Yellow Porcelain Anemone Crab- Facts and Photographs

Yellow Porcelain Anemone Crab, Neopetrolisthes alobatus

The Yellow Porcelain Anemone Crab, Neopetrolisthes alobatus is not common in Tanzanian waters. In several years of searching we have only found five specimens.

They are decapod crustaceans in the Porcellanidae family. Although they resemble true crabs they are actually more closely related to squat lobsters. There seem to be two theories as to why they are called porcelain crabs. The first is that they are called porcelain crabs because they are extremely delicate and body parts such as legs and claws break off easily. These usually regenerate when they change shells.

The second is that the white edges of the crab resemble porcelain. They are much prettier just after a shell change as algae grows on their shells. Their proportionally large claws are used for protection and territorial fights with other crabs rather than for catching prey.The mouth parts have evolved into finely laced fans which are used to filter food out the substrate.

Yellow Porcelain Anemone Crab, Neopetrolisthes alobatus

APPEARANCE

Yellow Porcelain Anemone Crabs have a light yellow coloured body with dark blue dots spread across the body and claws. Their claws are proportionally large and they have three walking legs as against a normal crab which will have four.  They have a prominent set of feelers which extend outwards and the eyes are on short stalks. Compared to normal crabs the body is slightly elongated. They grow to a maximum width of 5 cm.

Yellow Porcelain Anemone Crab, Neopetrolisthes alobatus

YELLOW PORCELAIN ANEMONE CRAB IN THE WILD

To date we have only found them on either the Beaded Anemone ( Heteractis Aurora) or the Leather Anemone (Heteractis Crispa). They have a commensal relationship with these anemones, the crabs receive protection from the anemones and the anemones are unharmed.

Yellow Porcelain Anemone Crabs are not common and after finding the first specimens and looking in several hundred anemones we have only found five specimens in Tanzanian waters.  Compared to the more common Porcelain Anemone Crab, Neopetrolisthes maculatus which often sits on the top of anemones, they are far more reclusive and have always been under the edge of the anemone.

Yellow Porcelain Anemone Crab, Neopetrolisthes alobatus

HABITAT

The Yellow Porcelain Anemone Crabs are found on coral and rock reefs across the Indo Pacific area.

DIET

Yellow Porcelain Anemone Crab are filter feeders and filter plankton out the water. They are also said to eat mucus given off by the anemone and clean up any debris from within the tentacles. Small pieces of debris and planktonic organisms are filtered out of the water table by repeated fast movements with the fan. The fans are retracted back towards the mouth and the particles are eaten.

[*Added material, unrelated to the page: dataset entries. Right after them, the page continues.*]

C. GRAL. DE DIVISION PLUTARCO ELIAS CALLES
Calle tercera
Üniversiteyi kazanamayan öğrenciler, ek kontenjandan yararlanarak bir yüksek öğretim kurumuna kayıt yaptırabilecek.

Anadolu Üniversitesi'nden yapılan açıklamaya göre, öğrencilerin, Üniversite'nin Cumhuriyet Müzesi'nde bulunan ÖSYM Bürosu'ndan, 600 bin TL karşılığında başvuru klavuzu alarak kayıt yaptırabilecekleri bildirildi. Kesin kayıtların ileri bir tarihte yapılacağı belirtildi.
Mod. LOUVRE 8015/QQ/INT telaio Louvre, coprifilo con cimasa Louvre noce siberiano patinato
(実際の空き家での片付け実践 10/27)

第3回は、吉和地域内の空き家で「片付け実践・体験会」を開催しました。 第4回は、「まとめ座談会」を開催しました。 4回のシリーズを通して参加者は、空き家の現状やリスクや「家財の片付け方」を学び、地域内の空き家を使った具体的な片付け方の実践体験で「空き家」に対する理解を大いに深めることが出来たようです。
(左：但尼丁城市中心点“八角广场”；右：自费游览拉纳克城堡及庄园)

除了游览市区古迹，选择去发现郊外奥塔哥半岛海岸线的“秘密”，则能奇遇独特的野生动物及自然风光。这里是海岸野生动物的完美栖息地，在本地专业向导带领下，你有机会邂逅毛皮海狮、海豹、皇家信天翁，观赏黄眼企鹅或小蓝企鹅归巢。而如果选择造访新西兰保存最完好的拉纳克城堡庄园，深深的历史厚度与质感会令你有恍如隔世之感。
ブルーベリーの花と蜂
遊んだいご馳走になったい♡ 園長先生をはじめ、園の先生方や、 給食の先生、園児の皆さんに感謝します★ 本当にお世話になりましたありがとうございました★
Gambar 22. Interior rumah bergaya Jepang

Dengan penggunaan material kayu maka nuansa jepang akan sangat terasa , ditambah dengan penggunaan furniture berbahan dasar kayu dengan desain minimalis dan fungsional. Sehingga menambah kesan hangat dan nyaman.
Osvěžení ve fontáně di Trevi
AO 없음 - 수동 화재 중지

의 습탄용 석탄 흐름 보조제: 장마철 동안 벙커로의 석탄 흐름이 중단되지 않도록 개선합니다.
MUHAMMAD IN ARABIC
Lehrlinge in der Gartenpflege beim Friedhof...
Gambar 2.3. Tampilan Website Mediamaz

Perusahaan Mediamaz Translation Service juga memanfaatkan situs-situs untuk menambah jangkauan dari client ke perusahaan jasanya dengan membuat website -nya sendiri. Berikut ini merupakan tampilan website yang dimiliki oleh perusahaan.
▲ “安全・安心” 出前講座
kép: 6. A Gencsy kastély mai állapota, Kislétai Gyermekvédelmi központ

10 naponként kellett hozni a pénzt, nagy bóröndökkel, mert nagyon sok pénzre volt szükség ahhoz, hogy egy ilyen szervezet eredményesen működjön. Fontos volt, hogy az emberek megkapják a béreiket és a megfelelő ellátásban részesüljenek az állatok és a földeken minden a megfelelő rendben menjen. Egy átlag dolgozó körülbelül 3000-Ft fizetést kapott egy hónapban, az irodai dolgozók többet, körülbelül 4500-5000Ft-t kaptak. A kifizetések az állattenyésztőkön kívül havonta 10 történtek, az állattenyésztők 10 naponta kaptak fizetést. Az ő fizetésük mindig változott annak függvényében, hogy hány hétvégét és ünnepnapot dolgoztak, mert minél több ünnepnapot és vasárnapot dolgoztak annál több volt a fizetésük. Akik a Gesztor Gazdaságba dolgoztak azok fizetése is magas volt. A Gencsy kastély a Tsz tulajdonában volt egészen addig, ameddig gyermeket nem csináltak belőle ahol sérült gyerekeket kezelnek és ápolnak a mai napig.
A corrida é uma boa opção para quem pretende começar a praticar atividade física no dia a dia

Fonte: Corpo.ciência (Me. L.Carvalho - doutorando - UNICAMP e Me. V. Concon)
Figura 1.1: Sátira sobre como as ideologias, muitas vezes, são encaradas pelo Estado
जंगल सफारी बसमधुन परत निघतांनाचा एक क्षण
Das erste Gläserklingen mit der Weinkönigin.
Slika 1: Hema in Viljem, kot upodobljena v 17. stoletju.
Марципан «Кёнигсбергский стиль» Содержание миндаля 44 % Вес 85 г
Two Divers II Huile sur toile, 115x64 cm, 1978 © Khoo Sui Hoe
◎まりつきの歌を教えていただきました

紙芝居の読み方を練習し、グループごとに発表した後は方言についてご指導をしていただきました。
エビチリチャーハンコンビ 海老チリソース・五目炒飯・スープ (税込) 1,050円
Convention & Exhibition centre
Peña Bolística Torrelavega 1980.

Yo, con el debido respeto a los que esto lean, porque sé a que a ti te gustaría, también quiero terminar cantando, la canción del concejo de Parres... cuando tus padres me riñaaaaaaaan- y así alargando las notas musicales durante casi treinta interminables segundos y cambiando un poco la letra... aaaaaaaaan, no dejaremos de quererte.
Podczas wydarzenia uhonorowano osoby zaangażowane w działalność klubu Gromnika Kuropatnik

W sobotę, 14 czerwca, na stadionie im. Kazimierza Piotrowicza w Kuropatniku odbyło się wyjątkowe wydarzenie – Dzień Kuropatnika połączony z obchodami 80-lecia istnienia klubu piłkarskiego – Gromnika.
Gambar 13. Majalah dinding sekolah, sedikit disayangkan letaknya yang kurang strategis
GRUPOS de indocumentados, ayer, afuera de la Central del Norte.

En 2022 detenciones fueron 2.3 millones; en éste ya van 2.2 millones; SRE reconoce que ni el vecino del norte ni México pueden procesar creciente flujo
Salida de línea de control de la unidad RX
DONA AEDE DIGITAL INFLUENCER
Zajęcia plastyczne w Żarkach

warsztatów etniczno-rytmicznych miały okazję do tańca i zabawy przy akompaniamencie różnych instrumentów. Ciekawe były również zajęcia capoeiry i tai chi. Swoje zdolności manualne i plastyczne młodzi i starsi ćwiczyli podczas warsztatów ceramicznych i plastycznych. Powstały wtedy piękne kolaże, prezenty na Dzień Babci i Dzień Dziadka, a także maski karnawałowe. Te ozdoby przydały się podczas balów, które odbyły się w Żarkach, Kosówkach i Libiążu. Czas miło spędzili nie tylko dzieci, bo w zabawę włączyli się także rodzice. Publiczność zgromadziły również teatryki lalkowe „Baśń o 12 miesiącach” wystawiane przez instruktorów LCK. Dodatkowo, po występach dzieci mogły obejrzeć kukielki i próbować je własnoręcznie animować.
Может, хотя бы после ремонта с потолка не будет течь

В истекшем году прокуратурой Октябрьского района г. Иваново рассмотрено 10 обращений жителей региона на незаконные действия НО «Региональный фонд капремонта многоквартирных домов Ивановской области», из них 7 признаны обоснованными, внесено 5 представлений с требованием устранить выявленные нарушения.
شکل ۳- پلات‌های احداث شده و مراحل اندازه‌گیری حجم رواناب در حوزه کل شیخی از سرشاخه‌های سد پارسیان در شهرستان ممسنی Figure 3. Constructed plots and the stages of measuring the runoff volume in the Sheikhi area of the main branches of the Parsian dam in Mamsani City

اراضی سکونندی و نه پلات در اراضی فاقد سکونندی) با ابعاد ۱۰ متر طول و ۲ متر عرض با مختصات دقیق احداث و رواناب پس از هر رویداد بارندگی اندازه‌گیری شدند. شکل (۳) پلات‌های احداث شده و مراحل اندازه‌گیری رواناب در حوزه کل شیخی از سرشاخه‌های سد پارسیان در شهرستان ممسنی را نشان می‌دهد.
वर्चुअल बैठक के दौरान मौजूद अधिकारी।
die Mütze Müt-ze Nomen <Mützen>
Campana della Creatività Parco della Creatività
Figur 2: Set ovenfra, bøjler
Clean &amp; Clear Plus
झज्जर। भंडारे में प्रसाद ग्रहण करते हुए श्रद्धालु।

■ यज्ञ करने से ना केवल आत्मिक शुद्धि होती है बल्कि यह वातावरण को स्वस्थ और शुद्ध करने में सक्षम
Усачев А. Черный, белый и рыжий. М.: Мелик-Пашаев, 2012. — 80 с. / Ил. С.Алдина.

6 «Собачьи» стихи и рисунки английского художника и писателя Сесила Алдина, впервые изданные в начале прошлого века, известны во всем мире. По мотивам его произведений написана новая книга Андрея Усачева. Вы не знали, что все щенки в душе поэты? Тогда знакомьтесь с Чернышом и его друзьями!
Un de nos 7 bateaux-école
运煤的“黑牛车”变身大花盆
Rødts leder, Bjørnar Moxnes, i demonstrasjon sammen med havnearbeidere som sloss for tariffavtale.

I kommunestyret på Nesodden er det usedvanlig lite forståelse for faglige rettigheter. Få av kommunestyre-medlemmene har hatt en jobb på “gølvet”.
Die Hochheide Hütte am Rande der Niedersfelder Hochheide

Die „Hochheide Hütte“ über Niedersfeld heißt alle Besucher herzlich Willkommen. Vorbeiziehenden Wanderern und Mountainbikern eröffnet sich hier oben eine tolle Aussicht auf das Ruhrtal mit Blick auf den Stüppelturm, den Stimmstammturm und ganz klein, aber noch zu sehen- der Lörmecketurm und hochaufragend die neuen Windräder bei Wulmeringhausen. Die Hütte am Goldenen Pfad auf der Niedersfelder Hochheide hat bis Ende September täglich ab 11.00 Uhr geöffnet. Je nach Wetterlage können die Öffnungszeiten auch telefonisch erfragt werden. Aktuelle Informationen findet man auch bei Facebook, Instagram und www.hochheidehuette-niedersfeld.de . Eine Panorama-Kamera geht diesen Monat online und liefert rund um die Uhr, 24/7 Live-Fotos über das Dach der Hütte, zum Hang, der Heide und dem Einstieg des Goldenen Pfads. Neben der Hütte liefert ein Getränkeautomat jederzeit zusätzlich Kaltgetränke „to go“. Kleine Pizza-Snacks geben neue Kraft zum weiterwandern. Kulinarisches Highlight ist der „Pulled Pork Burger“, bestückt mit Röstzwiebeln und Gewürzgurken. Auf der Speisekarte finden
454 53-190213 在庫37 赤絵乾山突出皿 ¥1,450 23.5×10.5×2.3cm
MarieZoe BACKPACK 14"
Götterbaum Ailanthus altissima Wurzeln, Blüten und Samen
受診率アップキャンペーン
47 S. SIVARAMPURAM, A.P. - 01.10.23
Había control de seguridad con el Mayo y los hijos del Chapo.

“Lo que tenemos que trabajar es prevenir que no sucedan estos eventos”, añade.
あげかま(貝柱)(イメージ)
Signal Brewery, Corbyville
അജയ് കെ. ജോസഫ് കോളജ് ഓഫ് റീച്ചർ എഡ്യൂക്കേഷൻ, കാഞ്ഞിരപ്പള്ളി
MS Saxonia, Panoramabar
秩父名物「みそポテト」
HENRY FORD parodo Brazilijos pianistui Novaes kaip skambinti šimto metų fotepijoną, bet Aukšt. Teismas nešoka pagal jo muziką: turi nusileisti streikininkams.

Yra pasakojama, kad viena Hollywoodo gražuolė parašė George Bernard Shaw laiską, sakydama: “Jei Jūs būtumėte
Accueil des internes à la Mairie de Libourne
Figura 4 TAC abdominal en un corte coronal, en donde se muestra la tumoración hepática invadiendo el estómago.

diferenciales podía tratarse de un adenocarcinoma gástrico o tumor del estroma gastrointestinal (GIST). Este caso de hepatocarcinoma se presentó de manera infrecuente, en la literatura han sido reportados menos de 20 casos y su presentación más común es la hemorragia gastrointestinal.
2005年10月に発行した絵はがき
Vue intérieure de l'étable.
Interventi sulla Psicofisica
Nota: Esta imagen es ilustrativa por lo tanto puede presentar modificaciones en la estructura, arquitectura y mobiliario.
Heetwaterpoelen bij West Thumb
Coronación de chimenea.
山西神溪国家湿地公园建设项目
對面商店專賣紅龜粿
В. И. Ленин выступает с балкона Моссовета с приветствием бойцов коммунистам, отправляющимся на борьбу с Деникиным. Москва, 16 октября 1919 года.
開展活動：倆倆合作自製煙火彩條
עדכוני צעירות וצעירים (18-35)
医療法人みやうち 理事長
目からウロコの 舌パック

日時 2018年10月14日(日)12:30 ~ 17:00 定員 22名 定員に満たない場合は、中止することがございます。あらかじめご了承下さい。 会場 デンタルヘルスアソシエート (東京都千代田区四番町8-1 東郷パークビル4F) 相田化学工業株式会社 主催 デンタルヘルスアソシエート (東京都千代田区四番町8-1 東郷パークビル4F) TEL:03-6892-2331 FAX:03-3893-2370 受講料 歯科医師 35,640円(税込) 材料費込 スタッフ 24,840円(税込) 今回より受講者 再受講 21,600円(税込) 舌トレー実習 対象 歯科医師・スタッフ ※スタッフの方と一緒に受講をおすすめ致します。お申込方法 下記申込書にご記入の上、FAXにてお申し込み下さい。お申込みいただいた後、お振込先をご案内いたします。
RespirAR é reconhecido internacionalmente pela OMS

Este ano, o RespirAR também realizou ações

Yellow Porcelain Anemone Crab, Neopetrolisthes alobatus

REPRODUCTION

As with most crustaceans, the eggs are fertilised by the male and are carried under the body of the female. Once they hatch the larvae go through a planktonic stage before settling down and growing into their adult form.

AQUARIUMS

Yellow Porcelain Anemone Crab could be kept in an aquarium. Because they are filter feeders they are quite peaceful. Although they do not necessarily require an anemone as a host, they are happier if they have one. Because they also eat mucus from an anemone this helps provides a more natural diet.

While they are unlikely to obtain sufficient planktonic food in an aquarium it is possible to supplement their diet. They can be hand fed with flakes or pellets. Alternatively food can be left in close proximity to them. Brine shrimp can also be drop fed down a tube placed in proximity to them.

YELLOW PORCELAIN ANEMONE CRAB CLASSIFICATION

Kingdom:Animalia
Phylum: Arthropoda
Subphylum:Crustacea
Class: Malacostraca
Order: Decapoda
Infraorder:Anomura
Superfamily:Galatheoidea
Family: Porcellanidae
Genus: Neopetrolisthes
Species: N. alobatus

LITERATURE CITED

Assistance in identifying the species kindly provided by Gregory Jensen

There seems to be little literature on this species.